Provided material:
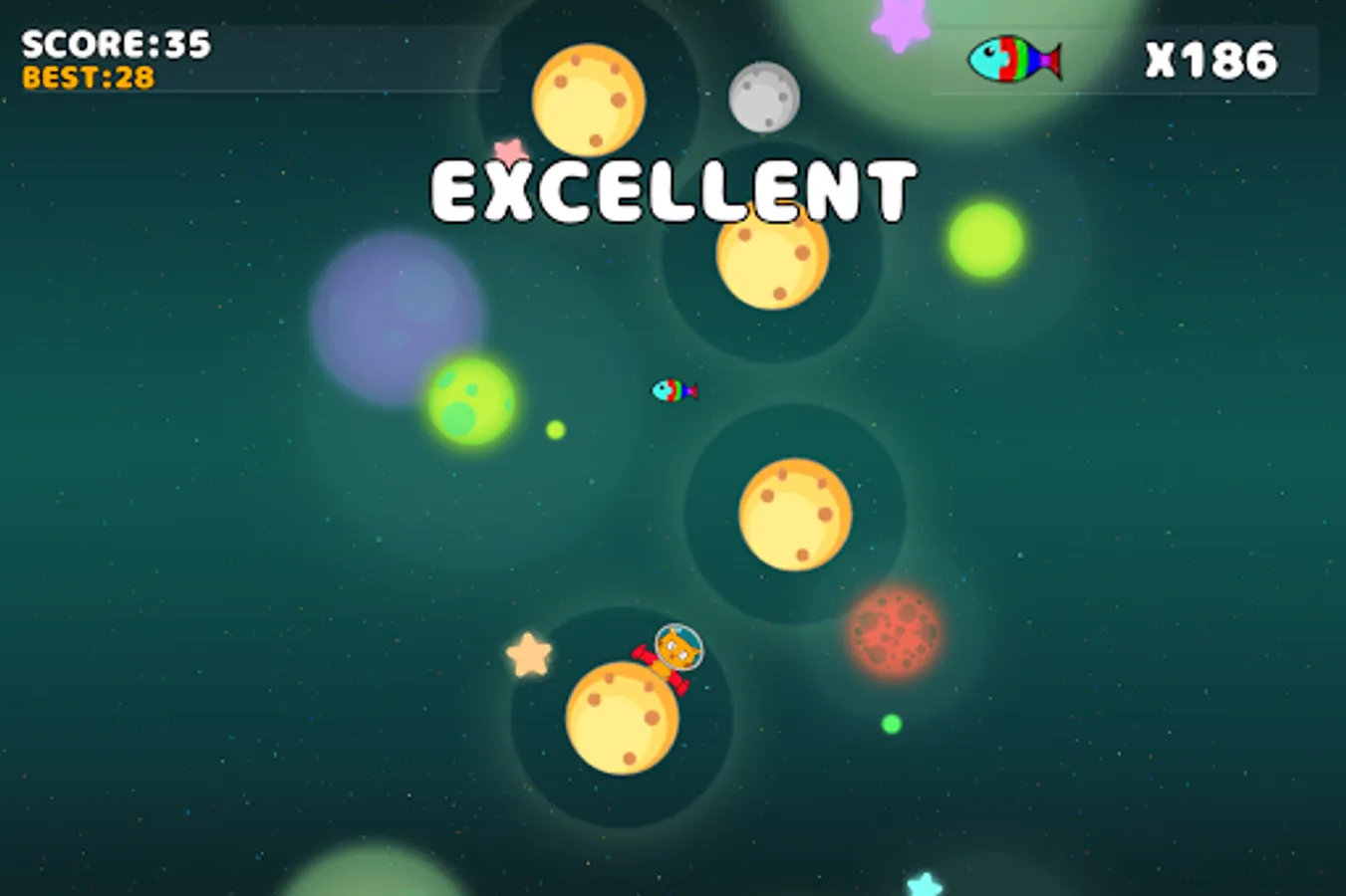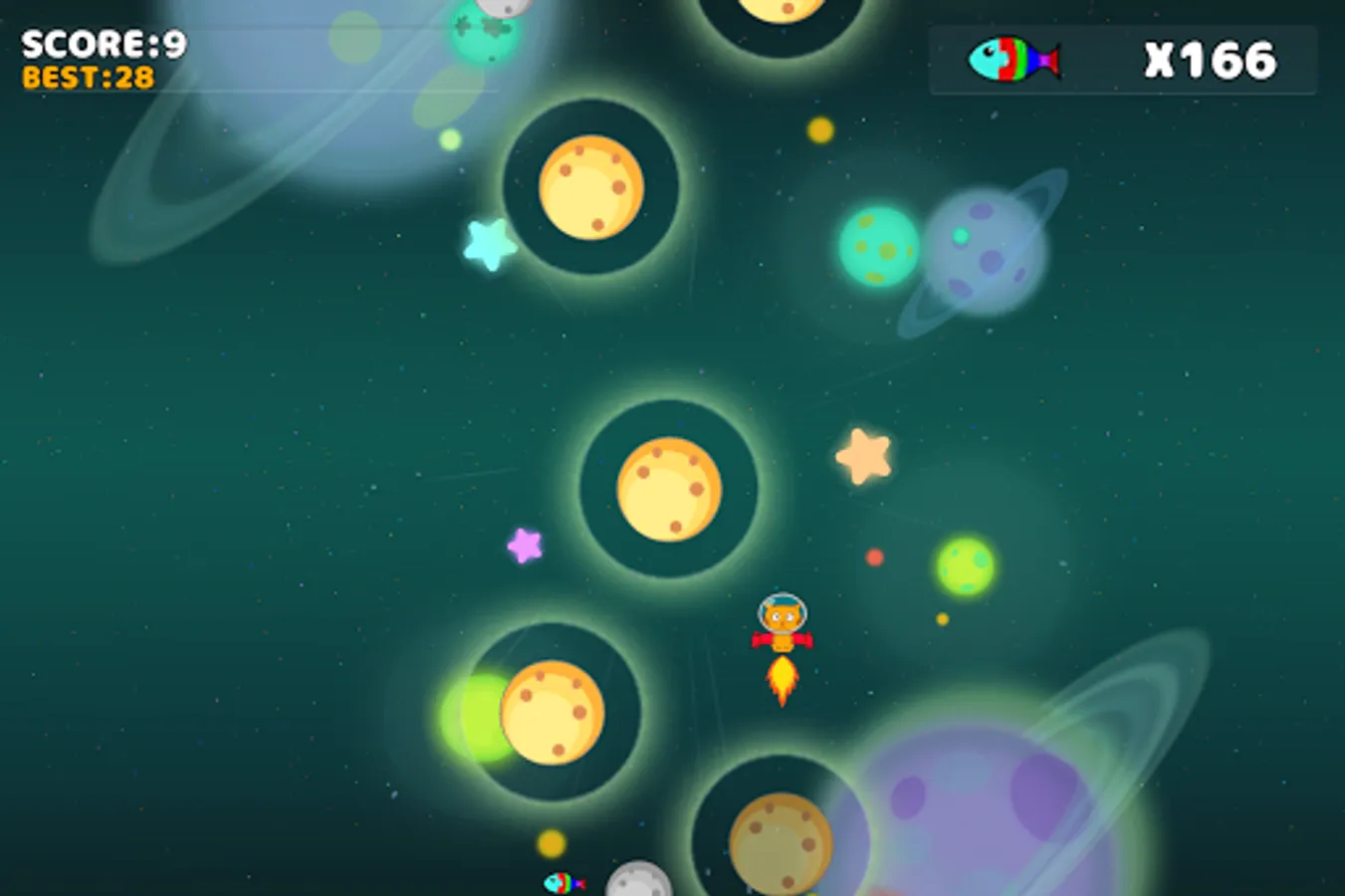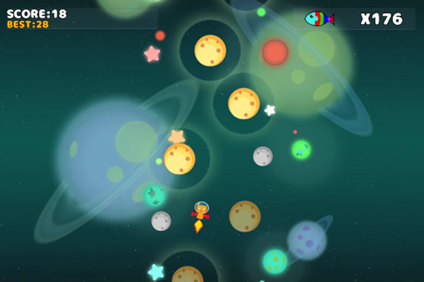 This game is about a cat that is flying in the space, you must help him to land in the next planet, be careful out cat cannot land in the smallest planets that will make end the game.
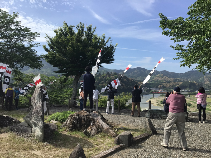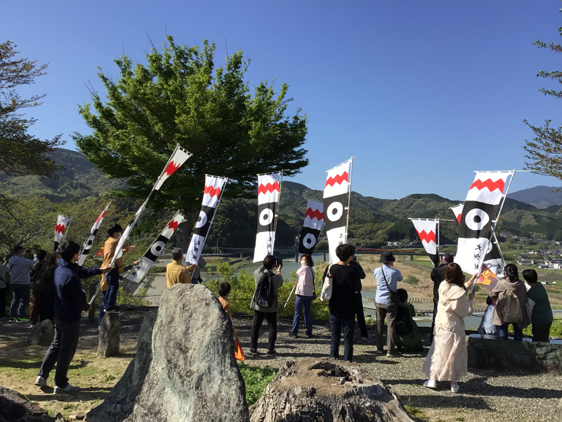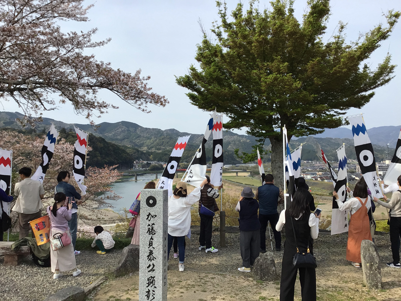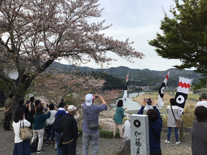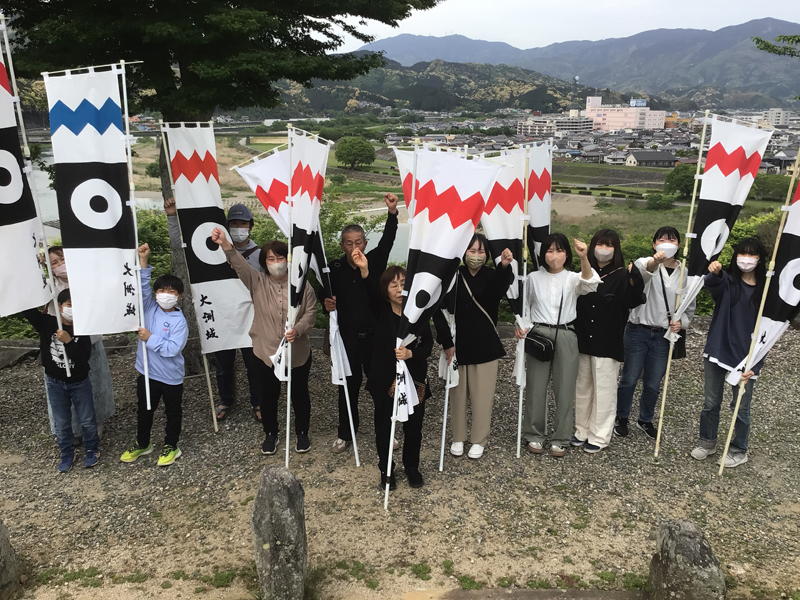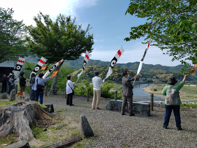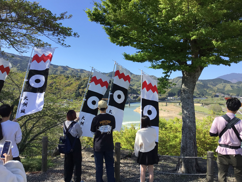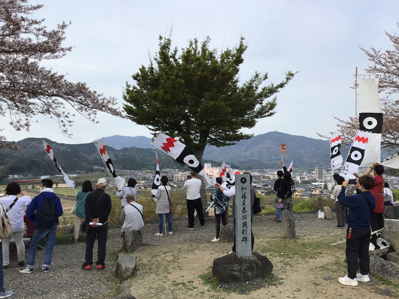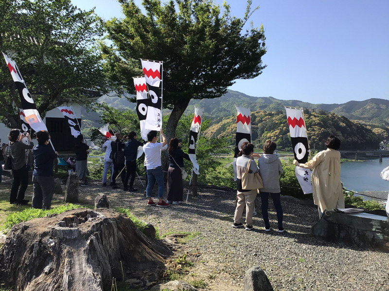 4月は桜が見ごろを迎え、満開のなかでの旗振りから始まり、4月2日(日)は伊予灘ものがたり2代目車両が運行1周年を迎え、大洲城では歓迎旗振り以外にものぼり旗を立ててお祝いしました。桜が終わってからも多くの方々に旗振りにご参加いただきました。旗振りへご参加された皆様、大変ありがとうございました。
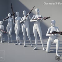 This Tactical shotgun has multiple posable attachments including a fore end, reflective sight, ammo belt, trigger, flashlight. It has 6 texture options, military, gangster and one particular female style. There are also 6 base pose presets for Genesis 2 Male & Female and Genesis 3 Female. Hope you like it.
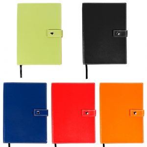 Con 80 hojas de raya, medida A5 (14.8 x 21 cm). Listón separador de hojas, fabricada en poliuretano. Disponible en colores azul, rojo, negro, verde y naranja.
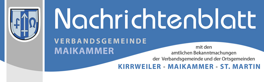 Das Nachrichtenblatt mit den amtlichen Bekanntmachungen der Verbandsgemeinde Maikammer und den Ortsgemeinden Kirrweiler, Maikammer und St. Martin finden Sie aktuell auf der Website unserer Verbandsgemeinde. Jede Woche können Sie dort das neue Nachrichtenblatt als PDF Datei herunter laden. Sie finden auch ältere Ausgaben aus den vergangenen Jahren.
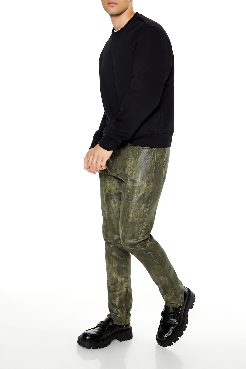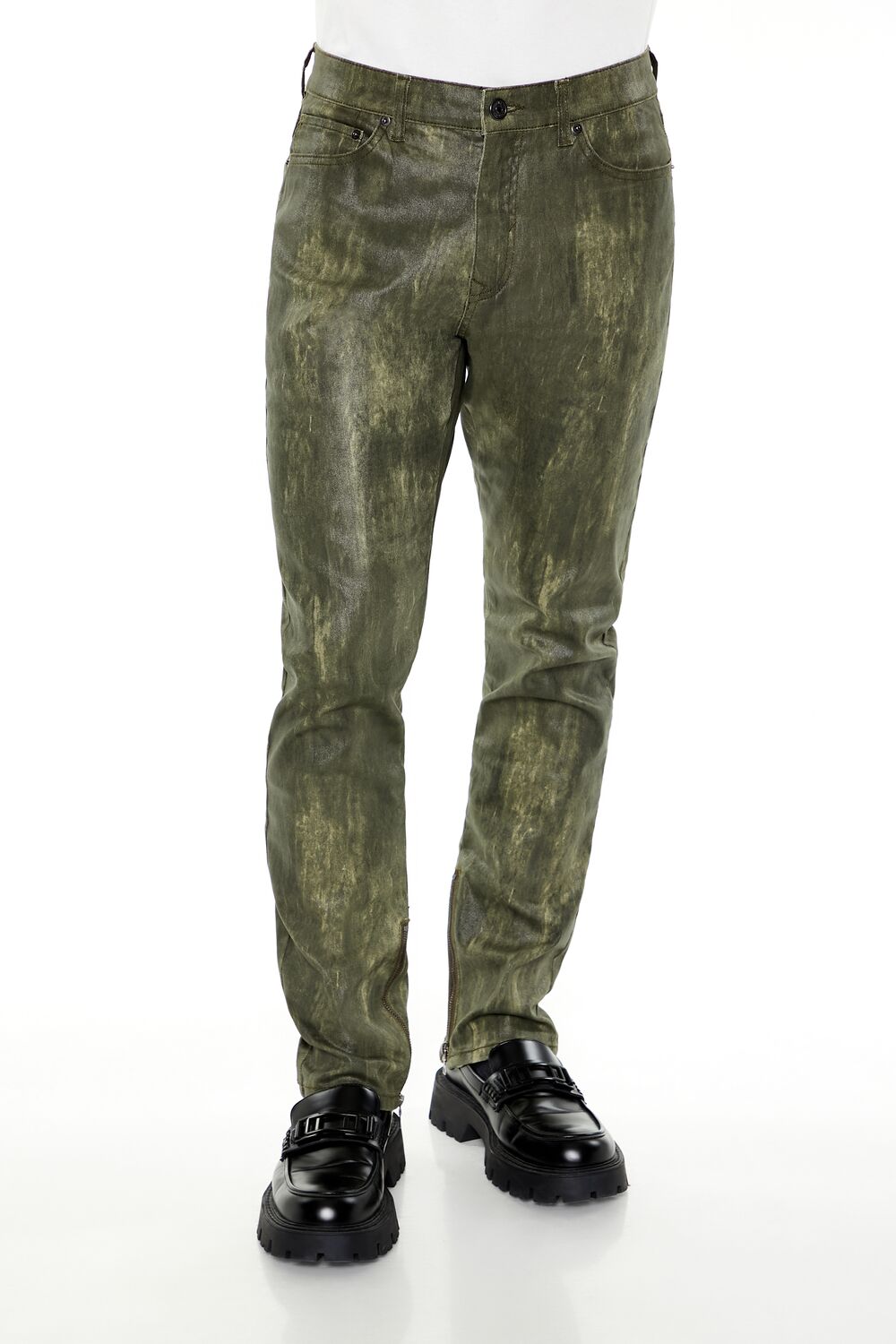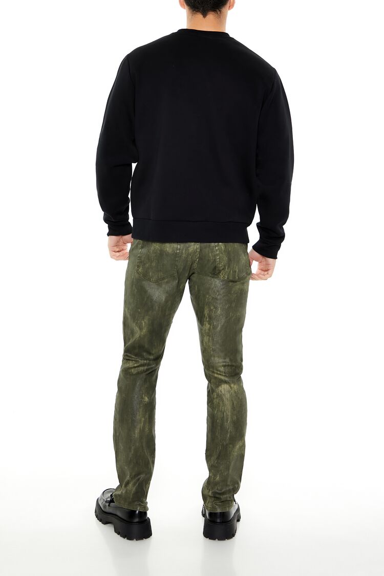 Crafted from stretch-denim. this pair of slim-fit jeans features an allover coated finish. brushstroke effect. mid-rise waist. belt loops. zip fly and button-front closure. and five-pocket construction.

Task item:
Transcribe every entry above exactly as it stands, but skip the images.

Solution for this exercise:
 This game is about a cat that is flying in the space, you must help him to land in the next planet, be careful out cat cannot land in the smallest planets that will make end the game.
 4月は桜が見ごろを迎え、満開のなかでの旗振りから始まり、4月2日(日)は伊予灘ものがたり2代目車両が運行1周年を迎え、大洲城では歓迎旗振り以外にものぼり旗を立ててお祝いしました。桜が終わってからも多くの方々に旗振りにご参加いただきました。旗振りへご参加された皆様、大変ありがとうございました。
 This Tactical shotgun has multiple posable attachments including a fore end, reflective sight, ammo belt, trigger, flashlight. It has 6 texture options, military, gangster and one particular female style. There are also 6 base pose presets for Genesis 2 Male & Female and Genesis 3 Female. Hope you like it.
 Con 80 hojas de raya, medida A5 (14.8 x 21 cm). Listón separador de hojas, fabricada en poliuretano. Disponible en colores azul, rojo, negro, verde y naranja.
 Das Nachrichtenblatt mit den amtlichen Bekanntmachungen der Verbandsgemeinde Maikammer und den Ortsgemeinden Kirrweiler, Maikammer und St. Martin finden Sie aktuell auf der Website unserer Verbandsgemeinde. Jede Woche können Sie dort das neue Nachrichtenblatt als PDF Datei herunter laden. Sie finden auch ältere Ausgaben aus den vergangenen Jahren.
 Crafted from stretch-denim. this pair of slim-fit jeans features an allover coated finish. brushstroke effect. mid-rise waist. belt loops. zip fly and button-front closure. and five-pocket construction.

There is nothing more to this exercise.